Hyde paid a price for his enthusiasm. He was turned down for the chair of Celtic studies in Trinity by unionist bigots. His wife was alienated by his single-minded devotion to the Irish language. He was said to have a gamey eye. None of this was mentioned in the programme.

It was stronger on the republican intrigues that led to the politicisation of the Gaelic League in 1915 and Hyde's resignation as its president. Much of the sense of fun left the language movement with the ever-jovial Hyde, leaving the grim fanatics and academic pedants to go about their alienating ways.

Rather disgracefully, Hyde was not nominated to the original Senate of the Irish Free State, an episode not mentioned in the programme. His offence may have been to ask for clemency for Erskine Childers. He was co-opted by the serving senators in 1925 but defeated in the nationwide poll later that year. The programme attributed his defeat to his support for a pro-divorce resolution in the Senate but this is, in fact, far from clear.

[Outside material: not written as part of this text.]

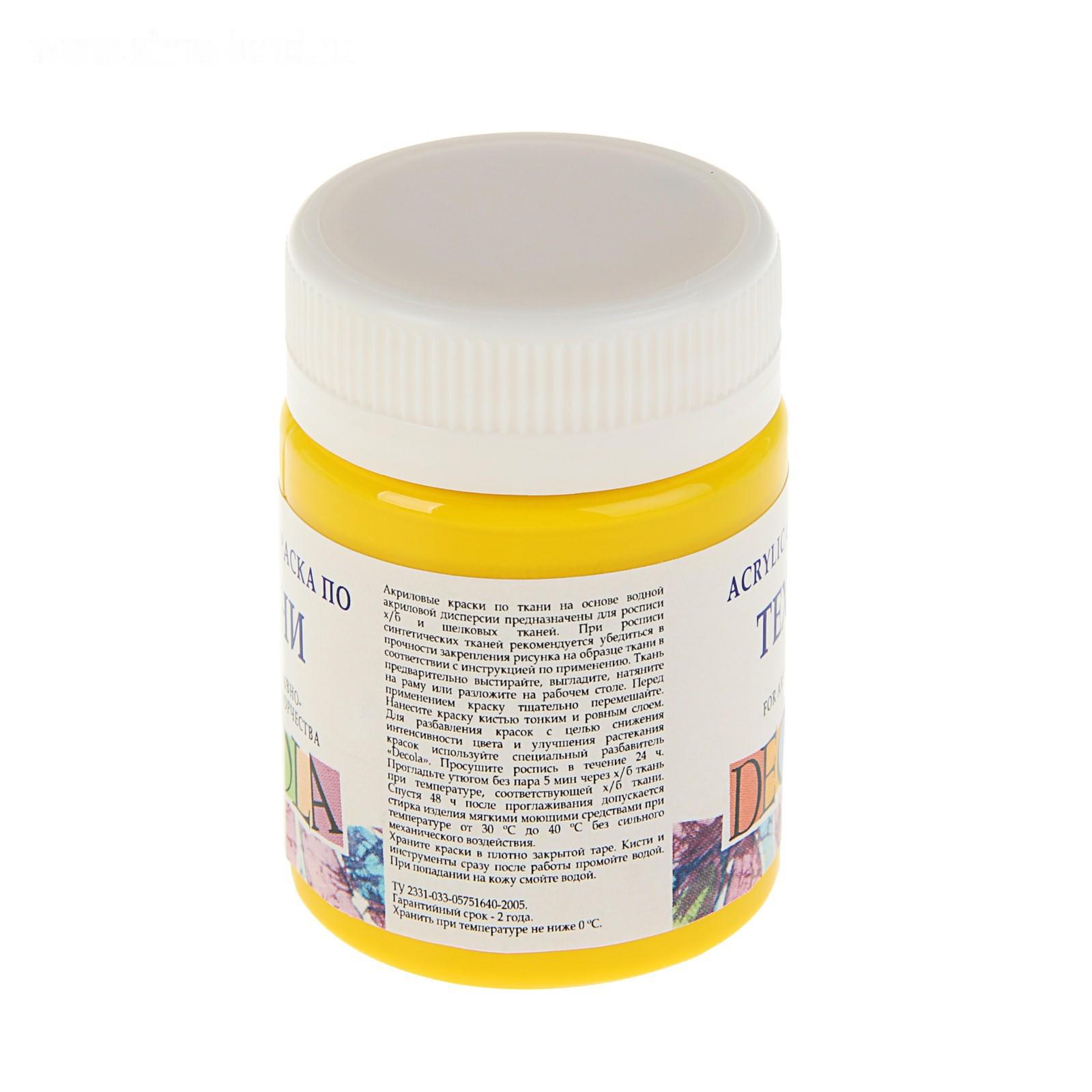 Краска по ткани, банка 50 мл, Decola, Желтая средняя (акриловая на водной основе)

Hyde was an agreed candidate for the presidency in 1938. The programme contained an amount of speculation on how this occurred. If the producers had asked Liam Cosgrave rather than Garret FitzGerald, they would have discovered that both the main parties put forward three candidates of their own political flavour. It was the Fine Gael leader, William Cosgrave, who suggested Hyde as a compromise.

De Valera agreed. He had every reason to do so. As Sinéad Flanagan, Bean de Valera had played the part of the fairy in Hyde's play An Tincéir agus an tSideog in George Moore's garden in Ely Place in the first summer of the 20th century. Dev himself had met Sinéad and come to the national movement through the Gaelic League. What is surprising is that he did not propose Hyde, who had been elected to the new Senate, in the first place.

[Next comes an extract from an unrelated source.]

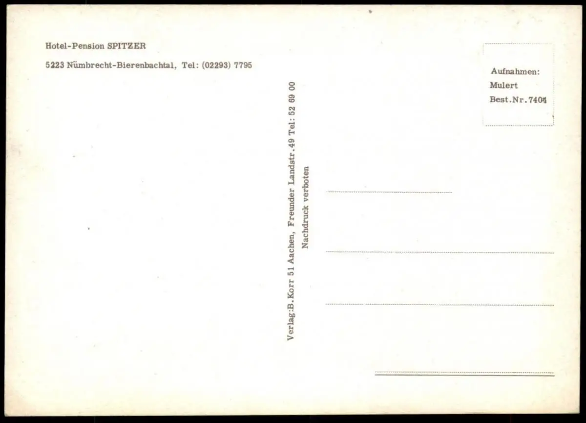 ÄLTERE POSTKARTE NÜMBRECHT-BIERENBACHTAL HOTEL-PENSION SPITZER postcard Ansichtskarte cpa AK

As president, Hyde was the perfect symbol. A scion of a Protestant Ascendancy family, founder of the Gaelic League, graduate of Trinity College, professor in the National University, he reconciled in himself different Irelands. He came to the office with such historical stature that he did not require constant activity to establish his position.

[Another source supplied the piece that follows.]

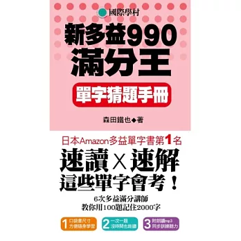只有最積極研究多益考題、總計獲得超過90次滿分的師資團隊,才能做出最精準的猜題,並且持續獲得讀者好評!「新多益990滿分王」系列在日本上市時,就分別摘下Amazon網路書店多益總榜、多益單字、多益閱讀三項冠軍,更罕見地同時登上丸善書店讀者票選年度好書前十名,網友紛紛表示「真的考了!」「考了好幾題一樣的題目」「讓我進步到900多分」。在口耳相傳之下,本系列持續暢銷近三年,至今仍然佔據淳久堂等大型書店TOP 5,全系列累積銷量已突破390,000冊!史上最強多益滿分團隊掀起的隨身學習熱潮,即將風靡全台!
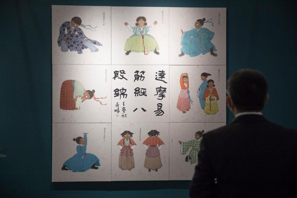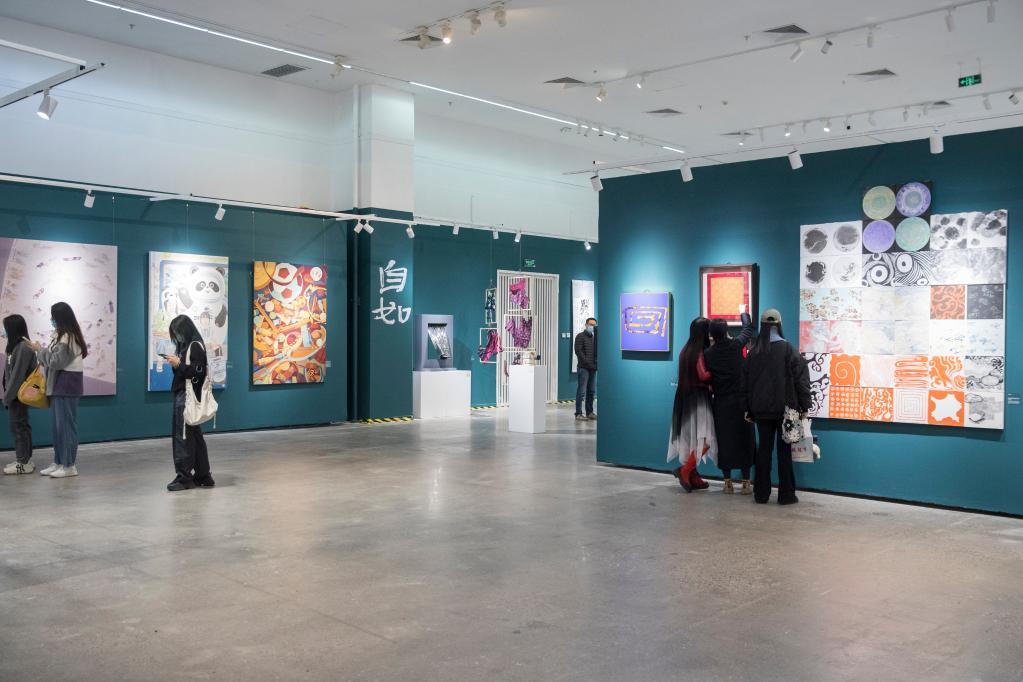 当日,律动古今——时尚运动主题美术作品展在北京服装学院开幕,展出由百位师生创作的近两百件作品。展览聚焦中华民族优秀的体育文化和当代国人的时尚生活方式,内容共分为“动静”“古今”“自如”三大版块,涵盖中国画、油画、雕塑、染织等多种类型。新华社记者 郭昱 摄

The programme had charming accounts of President Hyde's lack of pomposity or self-importance. (He shocked his rank-conscious secretariat by asking his gardener in for a glass of whiskey.) Hyde's whole life's work had been built on shaking off the clinging coils of class, which were then so pervasive. It was a regrettable omission in the programme not to have played a recording of Hyde speaking English; significantly, his accent was more Maynooth than Trinity.

The programme is, I think, unfairly dismissive of Hyde's performance as president, suggesting that he settled for too diminished a role and set a bad precedent. No mention is made of the life he breathed into the human rights provisions of the Constitution by referring two pieces of legislation to the Supreme Court, one of which, the School Attendance Bill, was found unconstitutional.

I hope that the succeeding programmes in the series will be equally well produced but more thorough in their content.